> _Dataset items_
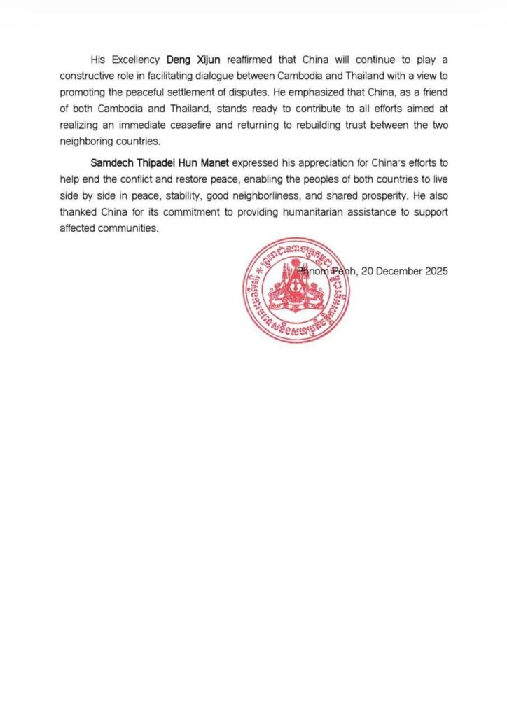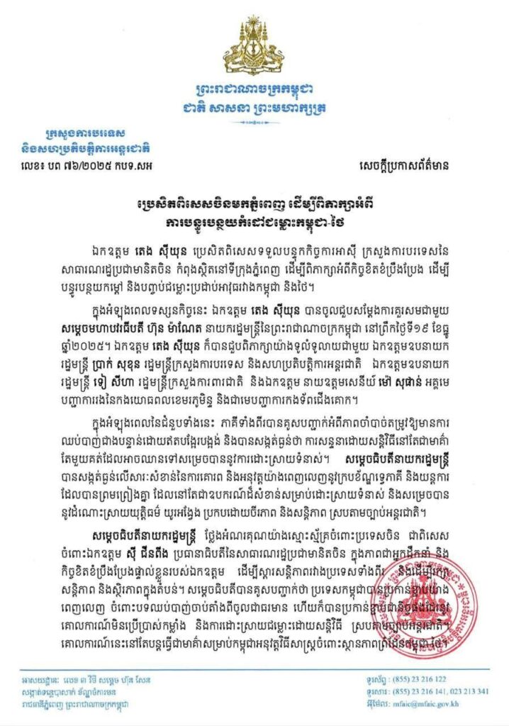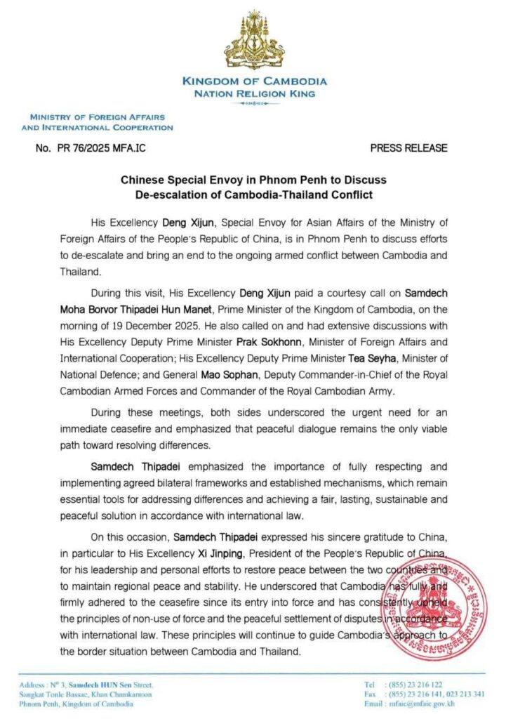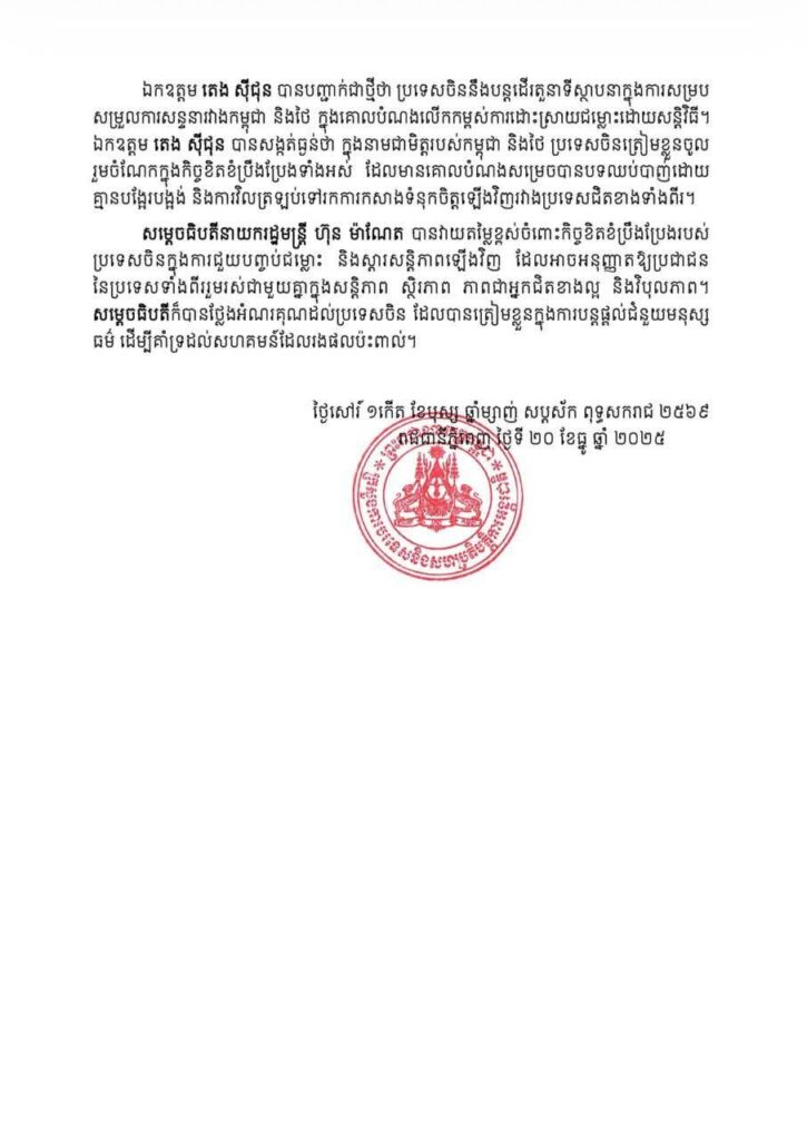 ភ្នំពេញ ៖ នៅរសៀលថ្ងៃទី១៩ ខែធ្នូ ឆ្នាំ២០២៥ ឯកឧត្តម ប្រាក់ សុខុន ឧបនាយករដ្ឋមន្ត្រី និងរដ្ឋមន្ត្រីការបរទេស និងសហប្រតិបត្តិការអន្តរជាតិនៃព្រះរាជាណាចក្រកម្ពុជា បានជួបពិភាក្សាជាមួយ ឯកឧត្តម តេង ស៊ីជុន ប្រេសិតពិសេសសម្រាប់កិច្ចការអាស៊ី នៃក្រសួងការបរទេសនៃសាធារណរដ្ឋប្រជាមានិតចិន៕ រក្សាសិទ្ធដោយ៖សុទ្ធលី
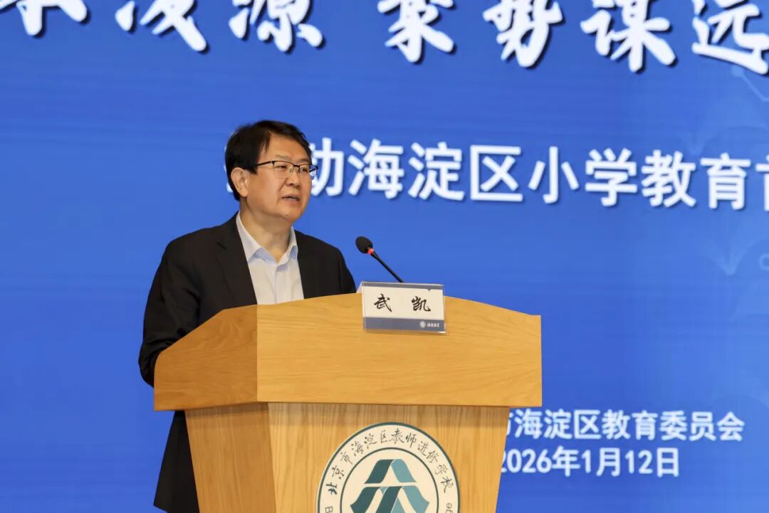 2026年是“十五五”规划开局之年。新的一年,海淀小学教育要承担新的使命与任务,他希望全体小学教育工作者要主动识变、应变、求变,精准应对生源结构变化带来的新挑战,以更高标准提升办学品质,切实满足人民群众对优质、多元、个性化教育的迫切需求;积极、主动对接海淀经济高质量发展的战略需求,持续扩充优质教育服务供给的广度与深度,充分发挥科技人才资源聚集与政策叠加的赋能效应,以教育之强筑牢现代化强区之基;将人工智能融入教育教学全要素、全过程,创新智能学伴、智能教师等人机协同教育教学新模式,加快实现大规模因材施教,提高教学质量,促进教育公平。
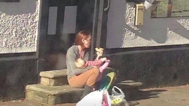 公共空間で授乳を求める運動は、SNSを通したこのような授乳写真の広がりと密接に結びついていますが、SNSには公共空間での授乳に対する批判的な意見とともに公開される(厳密に言えば「晒される」)写真もあります。たとえば、イギリスではエミリー・スローという女性が買い物途中に路上で授乳をしている姿を盗み撮りされ、その写真が彼女のことを「浮浪者」のようだ、という中傷的なコメントとともにFacebook上に匿名で公開される、ということがありました。(図4)この女性はこの卑劣な匿名の投稿に対して抗議するために、公共空間で授乳する権利を主張するためのデモを呼びかけ、1000人近くの賛同者が集まったそうです。
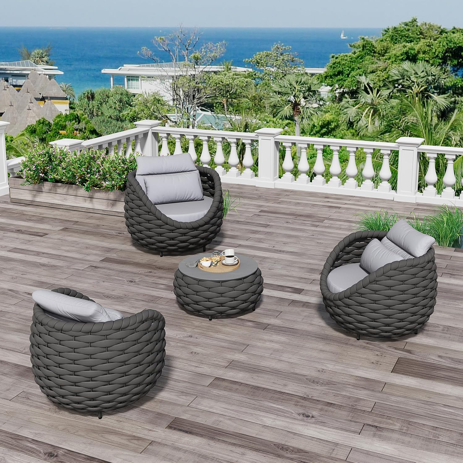 - Woven rope patio set includes: 3*single armchairs, 1*coffee table. Size: Single chair: 34.3''(L)X34.3''(W)X27.6''(H) holds up to 400 lbs/181.5kg; Side table: 28.4''(L)X28.4''(W)X14.2''(H) holds up to 176 lbs/80kg. Color: Dark gray rope and gray fabric
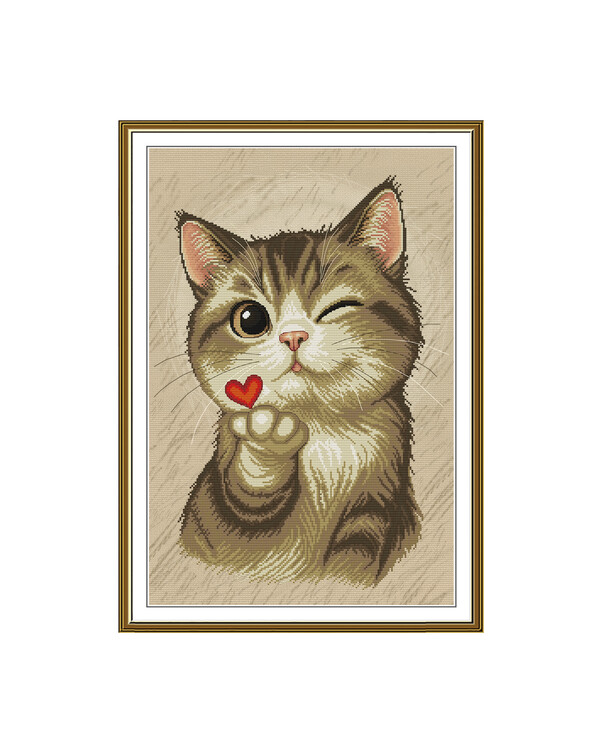 Et sødt og legende motiv med en blinkende kat, der holder et rødt hjerte. Perfekt som gave eller til at sprede lidt ekstra kærlighed i hjemmet.
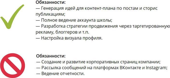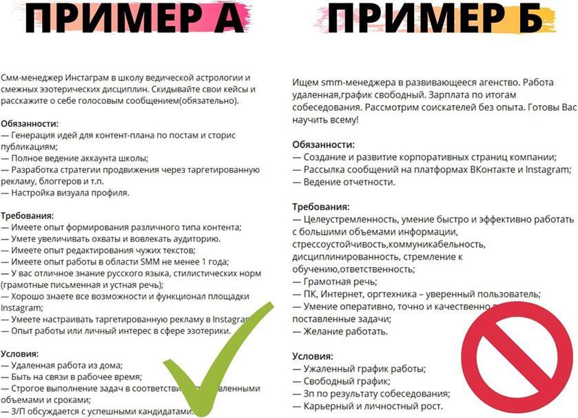 Обязанности. Пример А расписывает задачи SMM-специалиста: нужно делать контент для ленты и сторис, продумать стратегию рекламы через блогеров и поработать с визуалом. Пример Б размыт: нужно создавать какие-то страницы, рассылать сообщения в соцсетях и вести отчетность. Похоже на спам:-)
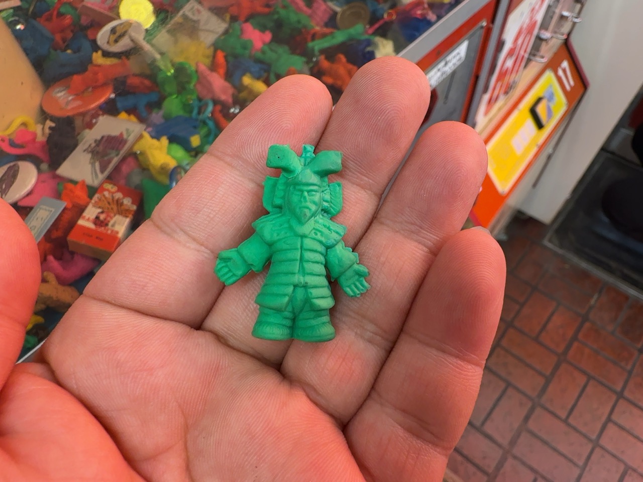取れたのは謎な武者の消しゴム。今これ作ってるのかな?すげー昭和っぽい景品ですがどう使うのが正解なのかは不明です。消しゴムとして使うと多分黒くのこるパターンだろうし。
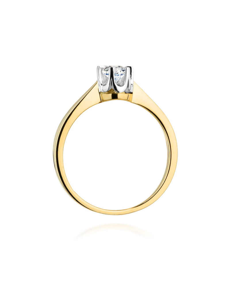 Luksusowy wzór złotego pierścionka z unikatowym brylantem laboratoryjnym w sześcioramiennej koronie. Wykonany z żółtego i białego złota.

> _PROBLEM STATEMENT_
Within the entries above, the lines from the one containing "Обязанности. Пример А" through the one containing "取れたのは謎な武者の消しゴム" are to be transcribed exactly, ends included, pictures excluded.

> _RESULT OF THE TASK_
 Обязанности. Пример А расписывает задачи SMM-специалиста: нужно делать контент для ленты и сторис, продумать стратегию рекламы через блогеров и поработать с визуалом. Пример Б размыт: нужно создавать какие-то страницы, рассылать сообщения в соцсетях и вести отчетность. Похоже на спам:-)
取れたのは謎な武者の消しゴム。今これ作ってるのかな?すげー昭和っぽい景品ですがどう使うのが正解なのかは不明です。消しゴムとして使うと多分黒くのこるパターンだろうし。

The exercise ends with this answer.